Segment Open

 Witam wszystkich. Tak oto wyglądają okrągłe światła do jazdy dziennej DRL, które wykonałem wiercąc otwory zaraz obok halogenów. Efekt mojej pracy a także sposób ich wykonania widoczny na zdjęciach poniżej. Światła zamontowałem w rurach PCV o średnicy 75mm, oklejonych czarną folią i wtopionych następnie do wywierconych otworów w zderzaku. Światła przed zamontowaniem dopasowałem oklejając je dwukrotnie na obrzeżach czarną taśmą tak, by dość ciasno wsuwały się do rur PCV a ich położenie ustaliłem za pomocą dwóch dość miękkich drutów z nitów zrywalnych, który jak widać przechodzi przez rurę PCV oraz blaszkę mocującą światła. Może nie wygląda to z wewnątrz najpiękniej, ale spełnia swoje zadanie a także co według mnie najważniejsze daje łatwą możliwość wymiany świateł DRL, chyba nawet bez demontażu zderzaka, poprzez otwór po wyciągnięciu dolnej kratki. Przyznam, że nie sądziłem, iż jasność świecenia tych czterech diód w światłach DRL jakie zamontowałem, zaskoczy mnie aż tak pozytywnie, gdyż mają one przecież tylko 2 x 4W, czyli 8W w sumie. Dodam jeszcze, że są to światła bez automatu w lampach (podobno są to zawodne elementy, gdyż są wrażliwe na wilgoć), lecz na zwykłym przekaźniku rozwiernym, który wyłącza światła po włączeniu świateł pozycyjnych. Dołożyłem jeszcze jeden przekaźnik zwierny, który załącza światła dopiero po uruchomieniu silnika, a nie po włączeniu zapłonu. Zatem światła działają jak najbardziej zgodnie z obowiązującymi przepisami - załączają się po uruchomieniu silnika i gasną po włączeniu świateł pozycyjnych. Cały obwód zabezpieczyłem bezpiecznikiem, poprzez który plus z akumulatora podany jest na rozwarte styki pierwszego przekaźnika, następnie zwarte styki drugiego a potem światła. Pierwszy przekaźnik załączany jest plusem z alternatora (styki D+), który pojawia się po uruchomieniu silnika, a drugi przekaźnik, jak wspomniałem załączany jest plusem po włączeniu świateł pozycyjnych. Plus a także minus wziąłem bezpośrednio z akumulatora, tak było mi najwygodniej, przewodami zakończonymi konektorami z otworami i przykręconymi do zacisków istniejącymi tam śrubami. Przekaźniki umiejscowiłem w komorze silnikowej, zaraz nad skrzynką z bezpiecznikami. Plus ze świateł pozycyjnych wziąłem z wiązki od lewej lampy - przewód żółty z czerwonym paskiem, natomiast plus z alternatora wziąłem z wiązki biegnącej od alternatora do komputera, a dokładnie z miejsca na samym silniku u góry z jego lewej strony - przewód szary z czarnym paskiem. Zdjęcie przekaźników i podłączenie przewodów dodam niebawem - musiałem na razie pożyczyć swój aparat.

Segment Closed
Segment Open

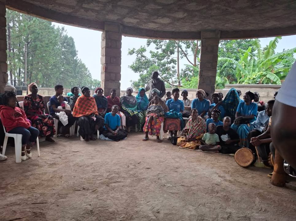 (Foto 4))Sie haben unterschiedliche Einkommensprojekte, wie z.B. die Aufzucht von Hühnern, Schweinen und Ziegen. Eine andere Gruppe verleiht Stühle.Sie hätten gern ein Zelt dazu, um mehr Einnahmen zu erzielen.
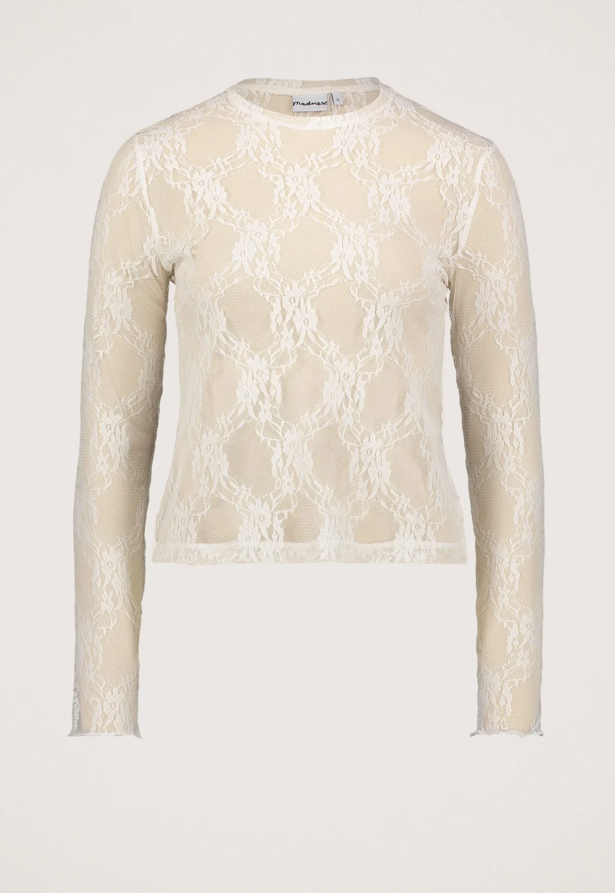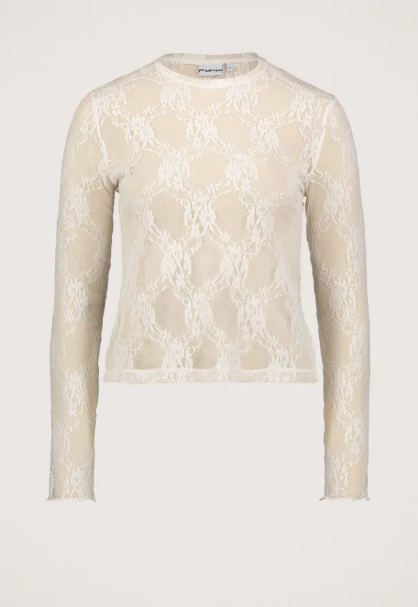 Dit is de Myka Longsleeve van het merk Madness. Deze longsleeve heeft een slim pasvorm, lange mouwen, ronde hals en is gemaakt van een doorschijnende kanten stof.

Segment Closed
Segment Open

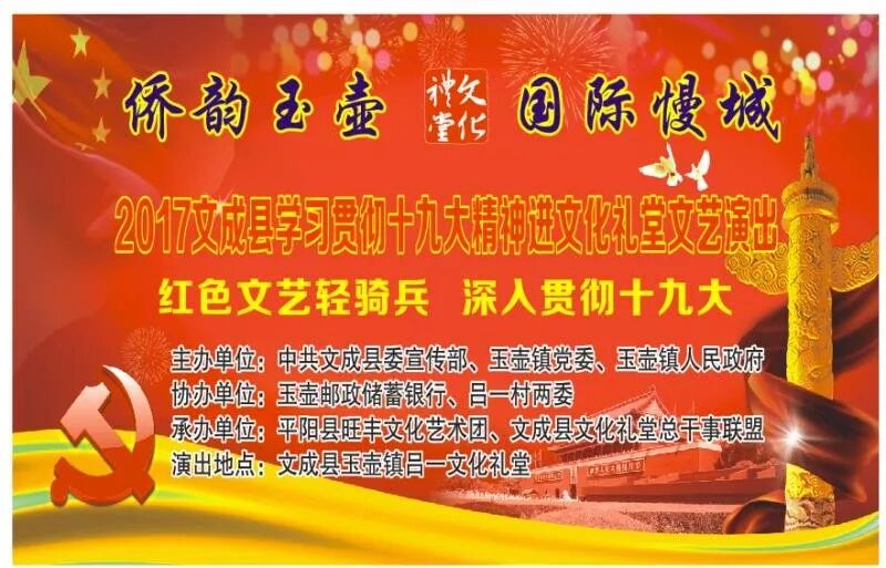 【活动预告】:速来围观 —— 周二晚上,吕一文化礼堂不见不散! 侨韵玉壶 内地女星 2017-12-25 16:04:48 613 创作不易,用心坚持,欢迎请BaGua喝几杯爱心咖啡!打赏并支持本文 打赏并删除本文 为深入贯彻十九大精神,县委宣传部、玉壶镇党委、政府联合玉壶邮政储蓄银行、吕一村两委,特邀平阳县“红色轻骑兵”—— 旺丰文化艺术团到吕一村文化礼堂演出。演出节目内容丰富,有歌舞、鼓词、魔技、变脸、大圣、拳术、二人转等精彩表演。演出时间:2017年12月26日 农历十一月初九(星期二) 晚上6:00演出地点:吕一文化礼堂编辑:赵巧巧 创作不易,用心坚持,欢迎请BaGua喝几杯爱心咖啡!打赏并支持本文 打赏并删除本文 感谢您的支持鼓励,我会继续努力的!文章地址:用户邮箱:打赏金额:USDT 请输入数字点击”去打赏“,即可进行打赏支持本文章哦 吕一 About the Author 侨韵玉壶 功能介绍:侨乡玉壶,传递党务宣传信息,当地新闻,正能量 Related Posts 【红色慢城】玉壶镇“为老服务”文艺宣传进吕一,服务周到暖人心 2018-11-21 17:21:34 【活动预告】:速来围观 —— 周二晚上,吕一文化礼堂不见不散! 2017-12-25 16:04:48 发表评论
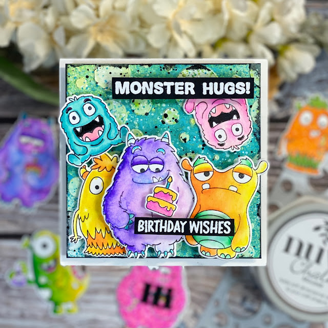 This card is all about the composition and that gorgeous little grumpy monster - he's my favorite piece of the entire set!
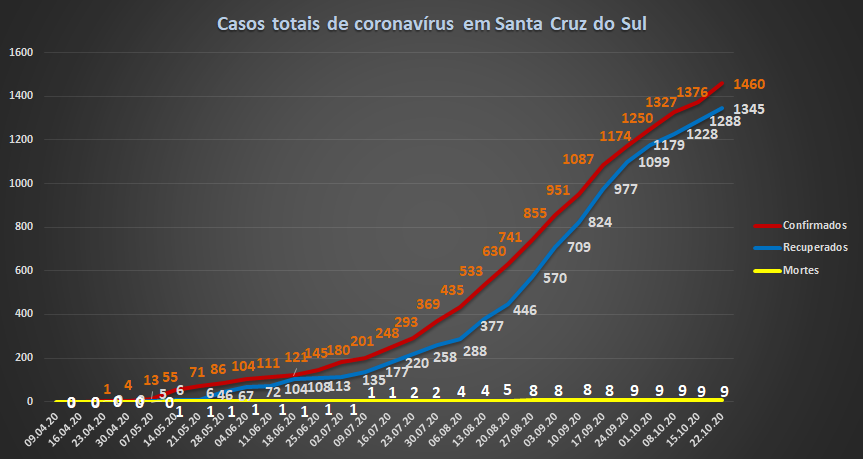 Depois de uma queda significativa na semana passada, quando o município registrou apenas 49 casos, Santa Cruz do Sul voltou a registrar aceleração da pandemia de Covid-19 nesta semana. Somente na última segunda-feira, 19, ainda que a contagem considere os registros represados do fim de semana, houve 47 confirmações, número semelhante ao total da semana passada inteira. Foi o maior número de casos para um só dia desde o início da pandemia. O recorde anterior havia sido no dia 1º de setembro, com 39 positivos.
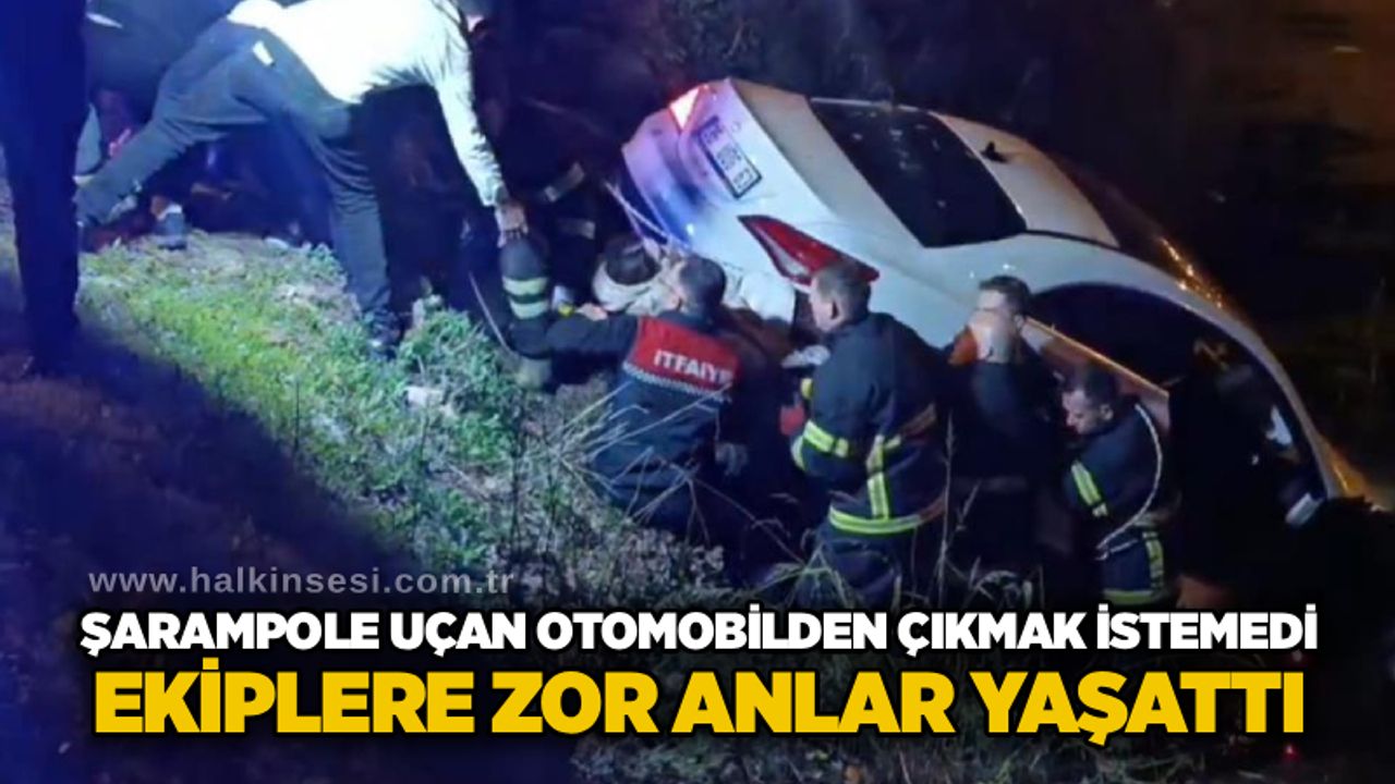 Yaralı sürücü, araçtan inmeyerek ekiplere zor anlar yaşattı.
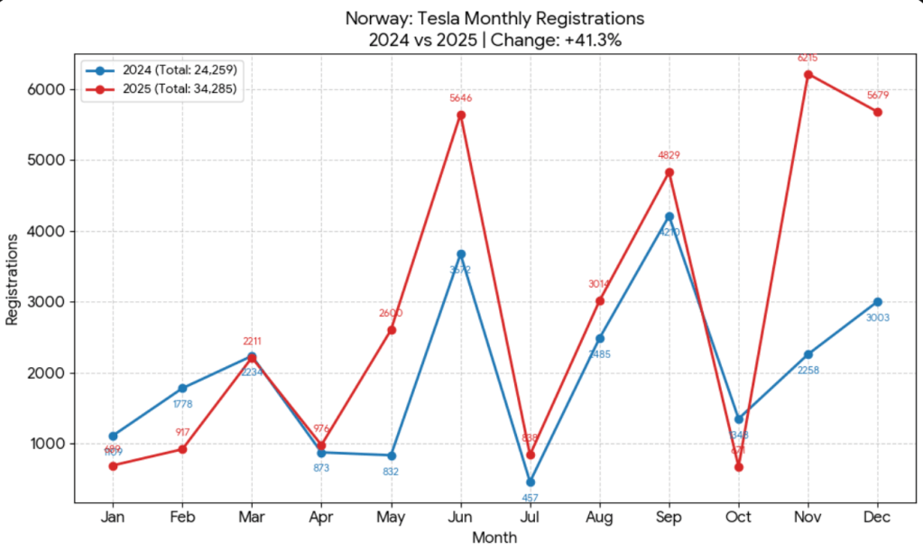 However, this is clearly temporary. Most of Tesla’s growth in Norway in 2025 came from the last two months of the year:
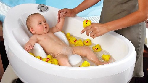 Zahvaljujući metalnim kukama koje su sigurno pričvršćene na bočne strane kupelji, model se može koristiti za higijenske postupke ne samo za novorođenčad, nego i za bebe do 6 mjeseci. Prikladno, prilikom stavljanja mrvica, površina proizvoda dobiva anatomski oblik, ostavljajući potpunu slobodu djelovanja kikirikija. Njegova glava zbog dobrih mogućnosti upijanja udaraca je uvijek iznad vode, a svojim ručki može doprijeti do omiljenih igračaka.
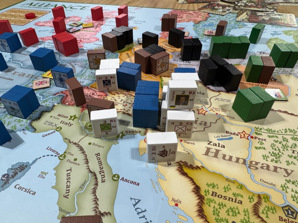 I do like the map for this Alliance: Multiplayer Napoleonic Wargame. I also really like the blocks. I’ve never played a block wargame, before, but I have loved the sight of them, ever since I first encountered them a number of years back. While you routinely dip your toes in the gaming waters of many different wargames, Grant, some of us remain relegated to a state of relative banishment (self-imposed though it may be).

Segment Closed

### REQUIREMENT
Please repeat the lines of the material above exactly, starting with the line that contains "2017-12-25 16:04:48 发表评论" and ending with the line that contains "This card is". Leave the pictures out.

### ANSWER
 【活动预告】:速来围观 —— 周二晚上,吕一文化礼堂不见不散! 侨韵玉壶 内地女星 2017-12-25 16:04:48 613 创作不易,用心坚持,欢迎请BaGua喝几杯爱心咖啡!打赏并支持本文 打赏并删除本文 为深入贯彻十九大精神,县委宣传部、玉壶镇党委、政府联合玉壶邮政储蓄银行、吕一村两委,特邀平阳县“红色轻骑兵”—— 旺丰文化艺术团到吕一村文化礼堂演出。演出节目内容丰富,有歌舞、鼓词、魔技、变脸、大圣、拳术、二人转等精彩表演。演出时间:2017年12月26日 农历十一月初九(星期二) 晚上6:00演出地点:吕一文化礼堂编辑:赵巧巧 创作不易,用心坚持,欢迎请BaGua喝几杯爱心咖啡!打赏并支持本文 打赏并删除本文 感谢您的支持鼓励,我会继续努力的!文章地址:用户邮箱:打赏金额:USDT 请输入数字点击”去打赏“,即可进行打赏支持本文章哦 吕一 About the Author 侨韵玉壶 功能介绍:侨乡玉壶,传递党务宣传信息,当地新闻,正能量 Related Posts 【红色慢城】玉壶镇“为老服务”文艺宣传进吕一,服务周到暖人心 2018-11-21 17:21:34 【活动预告】:速来围观 —— 周二晚上,吕一文化礼堂不见不散! 2017-12-25 16:04:48 发表评论
 This card is all about the composition and that gorgeous little grumpy monster - he's my favorite piece of the entire set!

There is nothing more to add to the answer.